Richard Worth National Justice Spokesman

16 September 2003

United Future flip-flops on Supreme Court

National's Justice spokesman Richard Worth says that if New Zealanders were expecting fair and thorough deliberation on the controversial Supreme Court Bill, they'll be sorely disappointed.

The Justice and Electoral Committee has this afternoon tabled its report on the legislation.

"This Committee has endured days of hearing, with good arguments being put forward.

"But these have been blithely ignored by the Labour and United Future committee members who've decided to send the Bill back without significant change," says Mr Worth.

"It is patently obvious that despite its hollow protestations, United Future will support whatever Margaret Wilson wants. Look how it buckled on the Gambling legislation."

Mr Worth says there are critical points about this Bill which are being overlooked.

* "The Privy Council is a Court of acknowledged excellence. In evidence to the Select Committee, a former New Zealand Chief Justice said:"The Privy Council certainly is an extremely high-class, polished, Rolls Royce service. There's no gainsaying that."

* "The major users of the Privy Council, including Maori and business interests, are opposed to the abolition of rights of appeal to the Court.

* "The argument that our national identity requires us to no longer defer to an overseas jurisdiction is deeply flawed. The reality is that many countries have ceded sovereignty in a number of ways - international agreements are one example. Many countries are looking outside adjudicative bodies for the resolution of disputes - New Zealand is following a contrary course.

* "In any country, it is important that investment interests have confidence in the domestic legal system.
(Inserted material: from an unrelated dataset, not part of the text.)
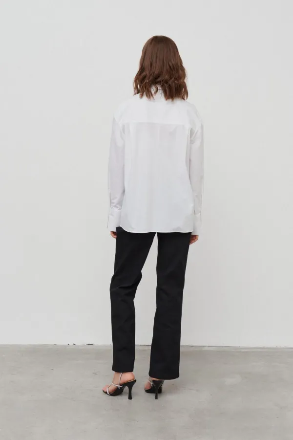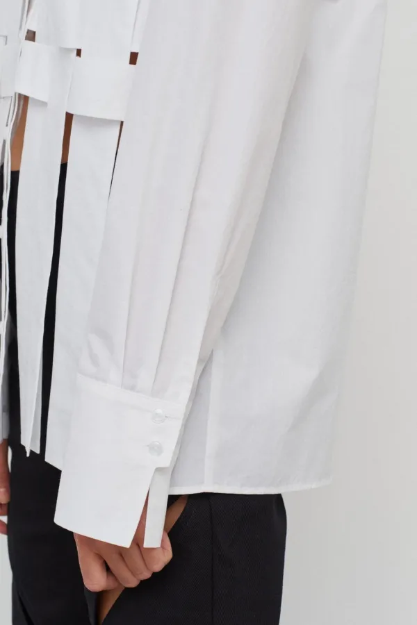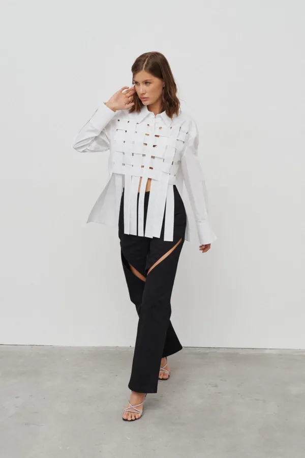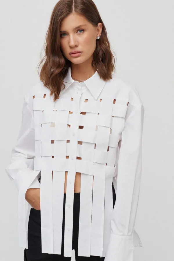 Хлопковая рубашка с дизайнерским решением по переду в виде переплетённых обтачных деталей. Линия плеча спущена, рукав с длинной манжетой, которую можно складывать пополам. Застёжка на планку с пуговицами спереди.

There is no doubt that the Privy Council as the final appellate court for investment and business interests provided that confidence.

"National also has serious misgivings about the appointments process for the new Court," says Mr Worth.

"The judges of the new Court have the potential to reshape the legal and social landscape of New Zealand and it is entirely wrong that they should be appointed through a limited political process."